-- PROVIDED DATA follows --

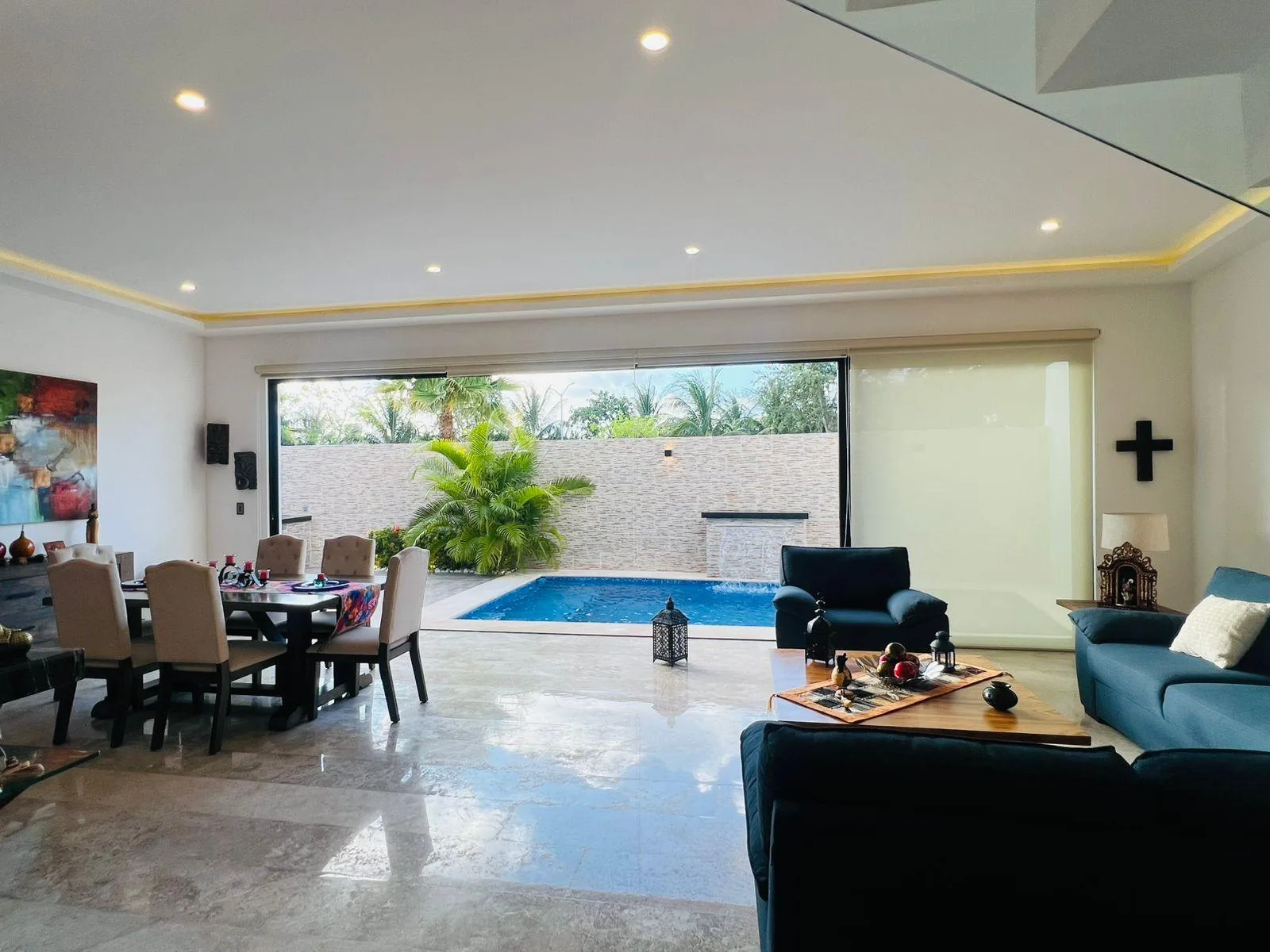 This house is located in the Residencial Rió community. The ground floor features an equipped kitchen with a granite breakfast bar, a living room, and a dining area. This level also includes one bedroom with a full bathroom, a service room, and a laundry area. It opens to an outdoor area with a swimming pool featuring a waterfall, a full bathroom, and a terrace. Parking is available for three cars.
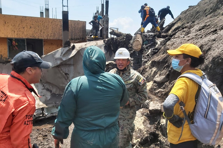 צוות המענה בשעת אסון של Scientology עוזר לקיטו בחפירות אחרי מפולת בוץ הרסנית
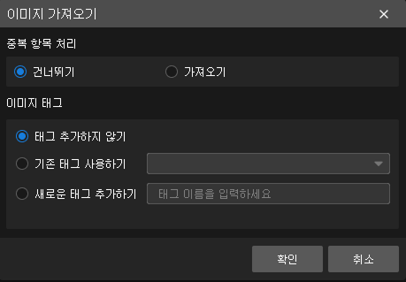 이미지 또는 폴더 가져오기 시 표시되는 대화 상자:
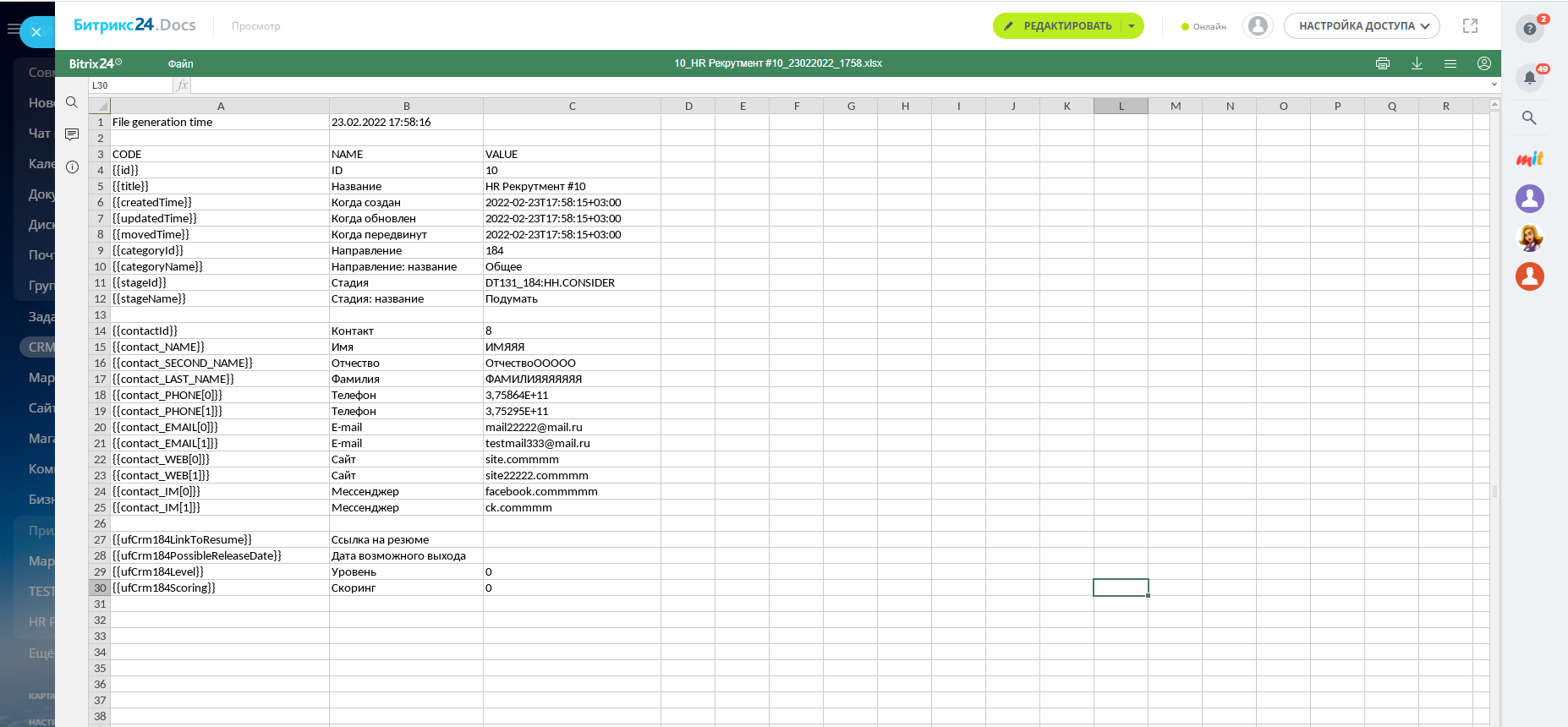 Генерация xlsx таблицы из полей элемента смарт-процесса
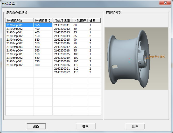 絞纜筒為族表形式,在左側對話框中選擇絞纜筒的結構,在右側對話框中選擇具體的規格,在右側對話框中可了解到當前具體的子類型中的內孔直徑以及鍵數等關鍵參數信息。
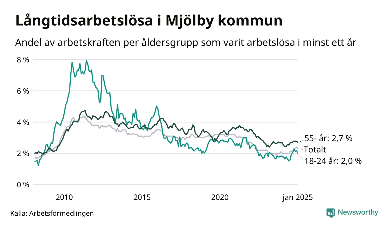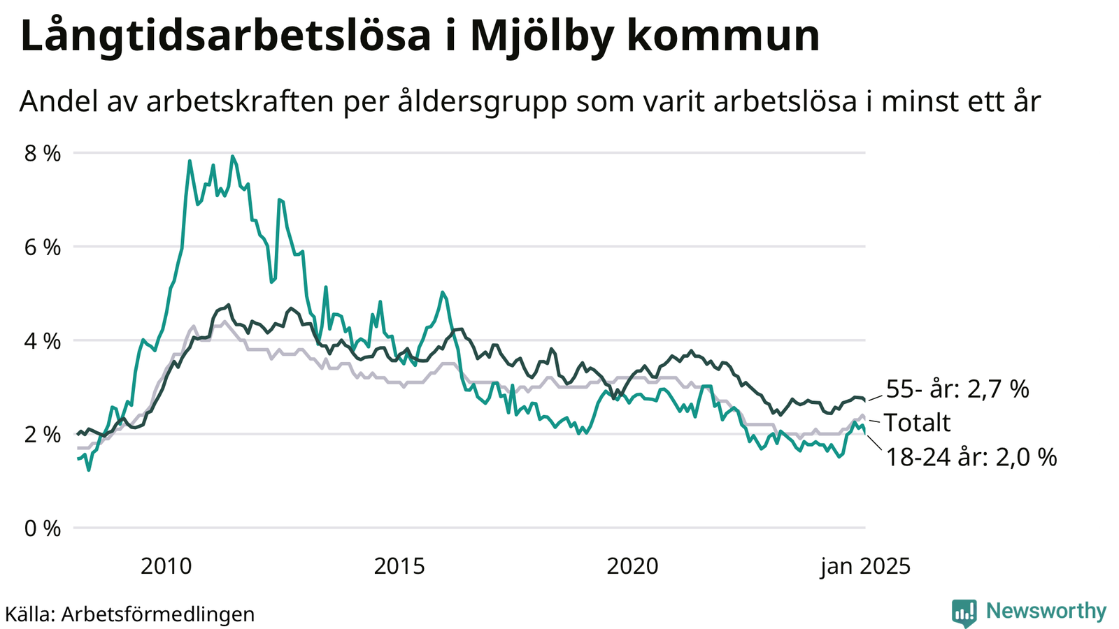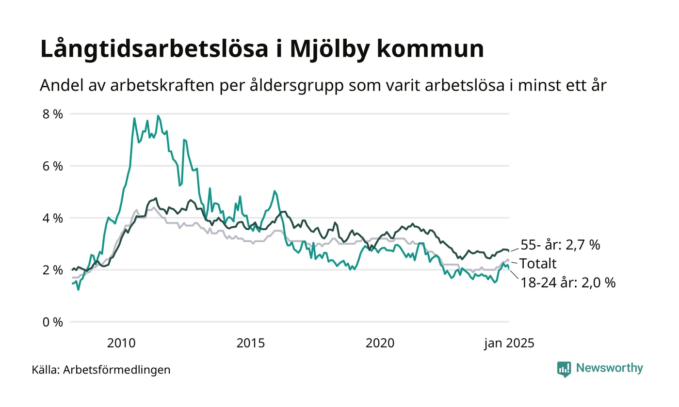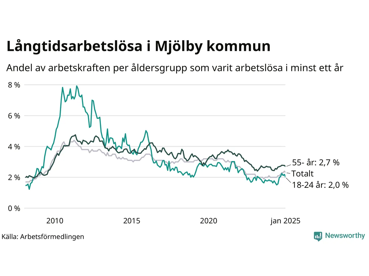 Av de 337 personerna som varit arbetslösa i mer än ett år i Mjölby kommun är 80 personer mellan 55 och 651 år och 30 är mellan 18 och 24 år. För den äldre gruppen är andelen arbetslösa 2,7 procent medan den i den yngre gruppen är 2,0 procent. Även i riket som helhet är långtidsarbetslösheten högre i gruppen äldre.
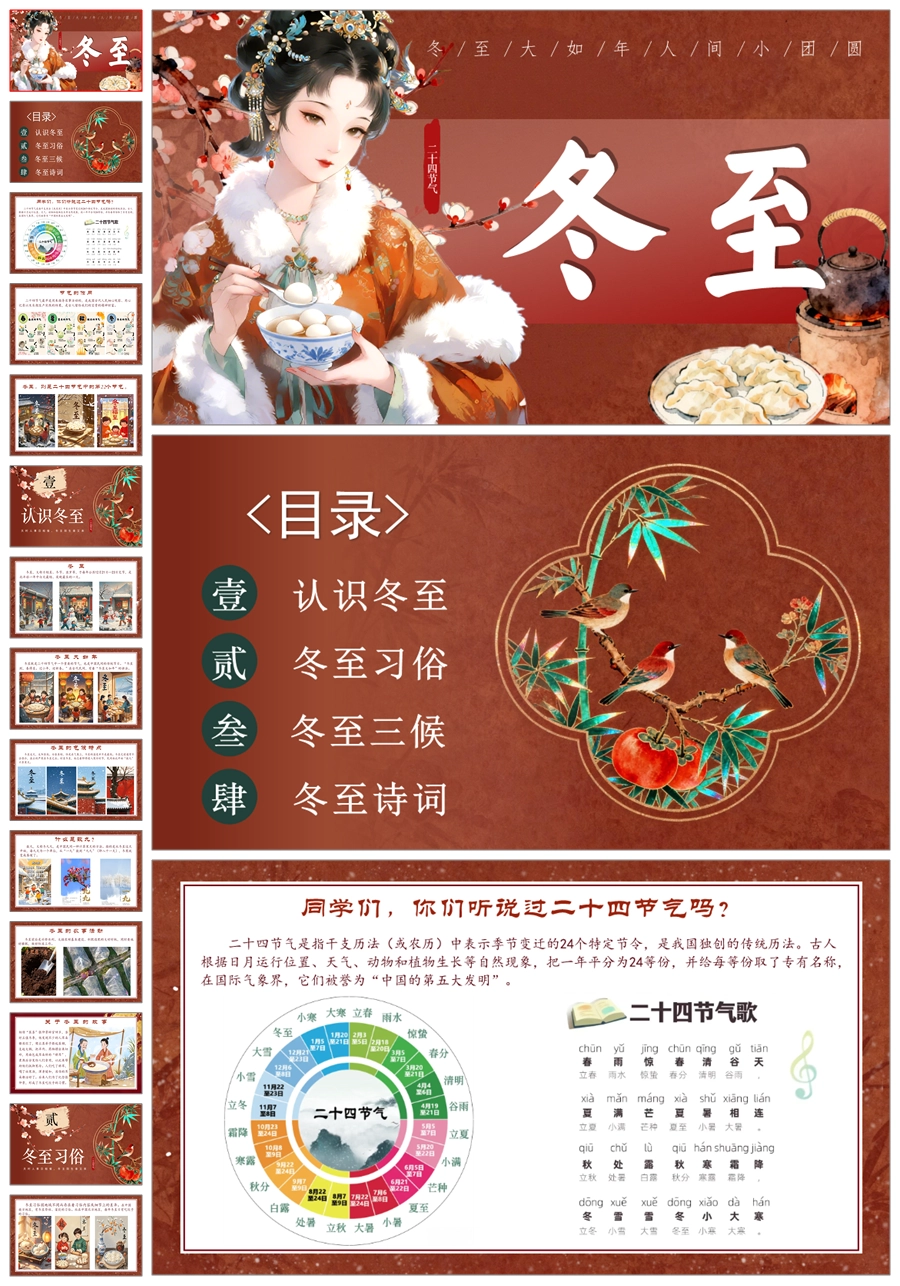 【5832】节日班会24节气冬至介绍主题班会PPT课件
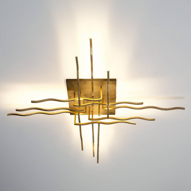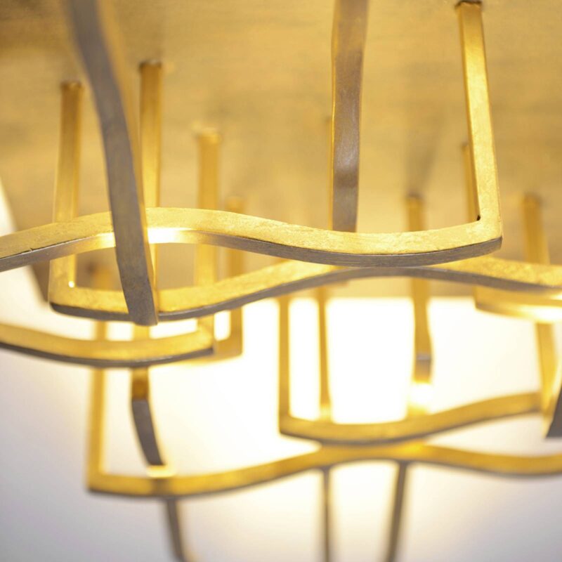 Nepriamo svietiace stropné svietidlo Buffet LED v hnedej a zlatej farbeStropné svietidlo Buffet LED nie je výnimočné len vizuálne, pretože je nápadito navrhnuté so zakrivenými vzperami zlatej farby, ktoré smerujú do všetkých strán od štvorcovej stropnej dosky hnedej farby. Z hľadiska svetelnej technológie tiež prekonáva bežné stropné svietidlá, pretože LED diódy, ktoré boli nainštalované žiariace smerom nahor v zlatých vzperách, poskytujú energeticky úsporné, veľmi teplé osvetlenie s farbou svetla 2 700 Kelvinov. Okrem toho je vďaka rozmerom 123 cm na dĺžku a šírku na strope majestátnym pútačom pozornosti.
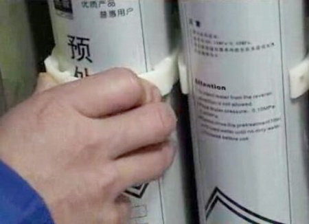 2.清潔壓力容器:用50%的甘油溶液浸濕軟布,將膜殼內壁擦洗干凈,可以防止污垢在膜元件外表面沉積。
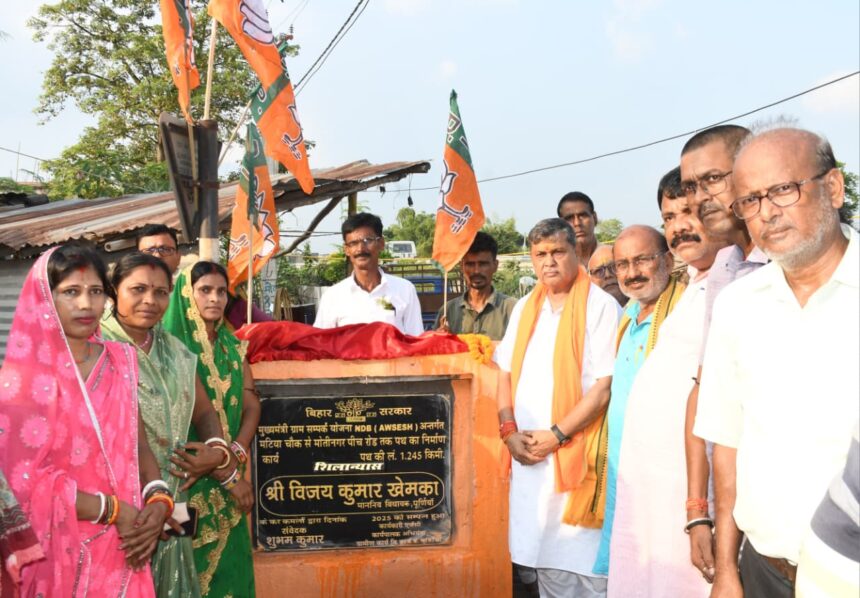 विजय खेमका ने कहा कि अब गांवों में शहर जैसी सुविधाएं उपलब्ध हो रही हैं, जिनमें पंचायत भवन, खेल का मैदान, हेल्थ सेंटर, नल-जल, वार्ड में एलईडी लाइट, हर घर बिजली और स्कूल भवन शामिल हैं। उन्होंने कहा कि डबल इंजन की सरकार में पूर्णिया का पिछले दस सालों में विकास बेमिसाल हुआ है और जनता के आशीर्वाद से यह विकास आगे भी जारी रहेगा।
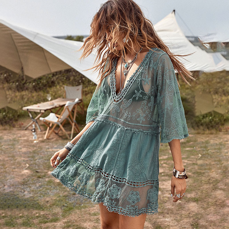 2025新款欧美泰国三亚旅游大码显瘦蕾丝连衣裙海边度假沙滩短裙子
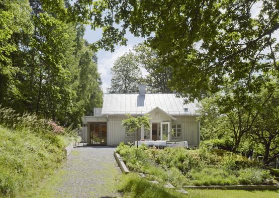 The building, from 1850, had been a summer cottage since the 1960s, and was shabby and worn down. The 60m2 single-floor cottage was quickly refurbished with a slightly raised roof into a two-floor 90m2. The house is located in Kummelnäs, Nacka municipality within the greater Stockholm region, and is one of the oldest in the area. The lot is oddly shaped compared to the surrounding plots because it emanates from an old country way stretch next to a slope bordered with Oaks. The cottage is a log house on a framework with sawdust-filled trays with a thick stone plinth. The façade was clad in the 1960s with masonite board, and in 2006, the façade got a new lock panelling. The building has experienced many ages and so the recent renovation and refurbishment by General Architecture & Kod Arkitekter is not a restoration project. Details, craft and design has been adapted due to economy, will and need.
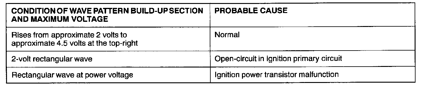 Point: Condition of wave pattern build-up section and maximum voltage (Refer to abnormal wave pattern examples 1 and 2.
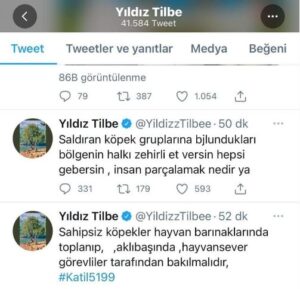 Sanatçı Yıldız Tilbe, 12 Mart’ta sosyal medya hesabından sokak köpekleriyle ilgili paylaşımlarda bulunmuş, paylaşımlarında ‘saldıran köpek gruplarına bulundukları bölgenin halkı zehirli et versin, hepsi gebersin, insan parçalamak nedir ya’ ifadelerini kullanmıştı.
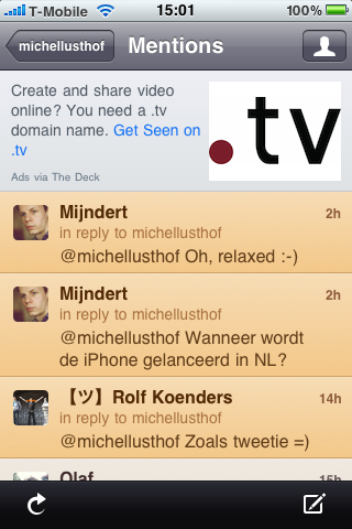 Om de ontwikkerlaars te supporten had ik versie 2 al gekocht. Echt dus niet dat ik weer 3,99 neer ga tellen. Ik wil een gratis update!! Anders ga ik wel over op twitter for Iphone…. Alleen mis ik daar de standaard zoekfunctionaliteit in……
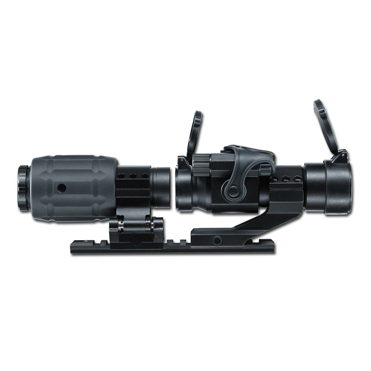 Das Walther Evolution PointSight 3 ist eine Kombination aus dem bekannten Rotpunktvisier PS 22 sowie einem Magnifier mit 3-facher Vergrößerung, welcher bei Nichtgebrauch einfach seitlich weggeklappt werden kann. Somit ist dieses Set für nahezu jede Gelegenheit geeignet, ob nun auf freiem Feld oder im CQB. Zum Betrieb des PS 22 werden zwei LR44 Batterien (enthalten) benötigt. Im Lieferumfang ist eine 15,5 cm lange 22 mm Schiene, ein Sechskantschlüssel und ebenso ein Tool zum Einstellen des PS 22 enthalten. Technische Daten PS 22: – Rotes Leuchtpunktabsehen (4 MOA) – 7-fach in der Helligkeit verstellbar – Höhen- und Seitenverstellbar – Objektiv-Durchmesser: 30 mm – Material: Aluminium, Kunststoff – Gewicht: ca. 275 g Technische Daten Magnifier: – 3-fache Vergrößerung – Objektiv-Durchmesser: 30 mm – Material: Aluminium, Gummi – Gewicht: 393 g
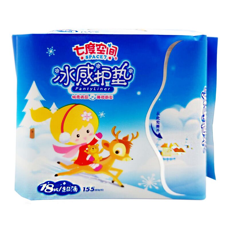 Seven-degree space sanitary cotton ice-sensing pad cotton soft surface mint flavor 155mm 18 pieces in 5 boxes of 90 pieces

-- PROVIDED DATA concluded --

### TASK DETAILS
When you transcribe the entries above, begin at their first line, end with the line containing "絞纜筒為族表形式,在左側對話", and copy each line exactly without any picture.

### RESULT OF THE TASK
 This house is located in the Residencial Rió community. The ground floor features an equipped kitchen with a granite breakfast bar, a living room, and a dining area. This level also includes one bedroom with a full bathroom, a service room, and a laundry area. It opens to an outdoor area with a swimming pool featuring a waterfall, a full bathroom, and a terrace. Parking is available for three cars.
 צוות המענה בשעת אסון של Scientology עוזר לקיטו בחפירות אחרי מפולת בוץ הרסנית
 이미지 또는 폴더 가져오기 시 표시되는 대화 상자:
 Генерация xlsx таблицы из полей элемента смарт-процесса
 絞纜筒為族表形式,在左側對話框中選擇絞纜筒的結構,在右側對話框中選擇具體的規格,在右側對話框中可了解到當前具體的子類型中的內孔直徑以及鍵數等關鍵參數信息。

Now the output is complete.